Yes. In effect the market grows because it's ultimately fed by energy from the sun. A tradable company can make a pile of valuable timber out of an acorn, some nutrients, some water and some sunshine, and hence its value increases.
Free chocolates for everyone: Please send me 1 chocolate and then send this letter to 5 friends. Everyone gets 5 chocolates just for buying one. Amazing!
Of course if participants take part more than once, and everyone always accepts the deal and honours it, then it could loop around forever, and on average everyone would break even.
US dollars, (which before you argue the point, you can pay taxes with it, you can buy gasoline with it, you can throw it at strippers/whores... unlike bitcoins).
I did a quick Google and found a store selling Thinkpads for BC150. So a bitcoin is *worth* 1/150 of a Thinkpad, at least to one trader.
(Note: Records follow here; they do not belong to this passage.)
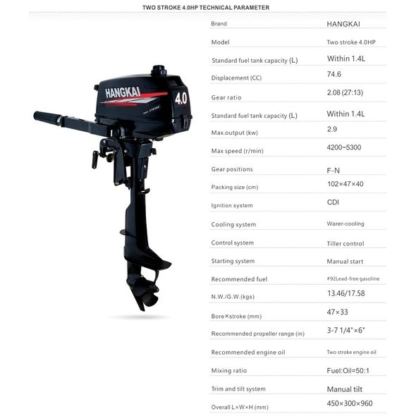 HANGKAI Outboard Motor, 4 HP 2-Stroke Outboard Motor.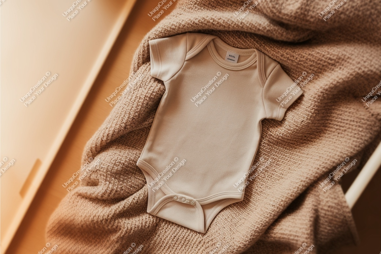 Similar Design Products to Beige baby bodysuit on blanket mockup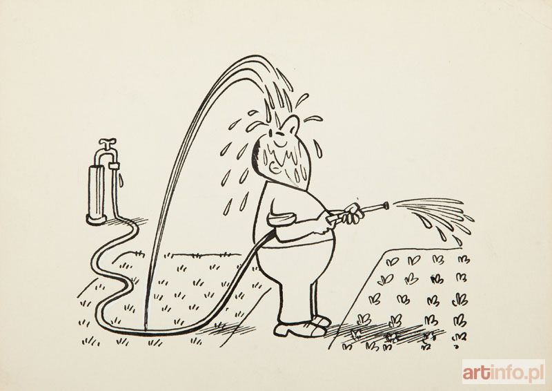 - ciekawe, gdy tylko zaczynam podlewać ogródek - zaraz zaczyna padać deszcz!.. - ilustracja satyryczna do Tygodnika Polskiego,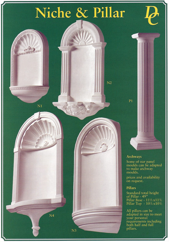 Selection of niches. Inset, corner and flat wall. Pillars, Columns and pilasters all made to required shapes and sizes. Archways can be made to any shape and size. |

True, you can't pay taxes with BC. But you can buy dollars with BC, and spend that on taxes. There's not many gas stations accept it (but I bet there's at least one). I'm certain I read somewhere of a brothel that accepted BC. If you really want to you can throw http://www.bitbills.com/ at strippers...
But none of this "you can't do X" is all that relevant. One day Bitcoin didn't exist. A bit later it existed. A bit later some people were accepting it exchange for services. In future, it might become more widespread, or it might die out. It'll be interesting.
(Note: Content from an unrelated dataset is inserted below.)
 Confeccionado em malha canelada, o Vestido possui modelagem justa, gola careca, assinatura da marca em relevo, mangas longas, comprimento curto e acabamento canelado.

"if the price goes up fewer people will have them"
- well yes, that's how every product works, the more it costs, the smaller the market is for it. Think plasma TVs when they just came out and today. The difference is price, and if the gov't sets tariffs for example on plasma TV imports and because of that the TVs become twice as expensive, fewer people will own them. If the prices goes up by a factor of 10, then very few people will buy them.
Perhaps this is a semantic issue of "fewer people will have them" versus "people will have fewer of them".
Practically every American has a cent. Some people have more cents than others. But everyone owns a cent. If the dollar doubled in value, I still think everyone would own a cent.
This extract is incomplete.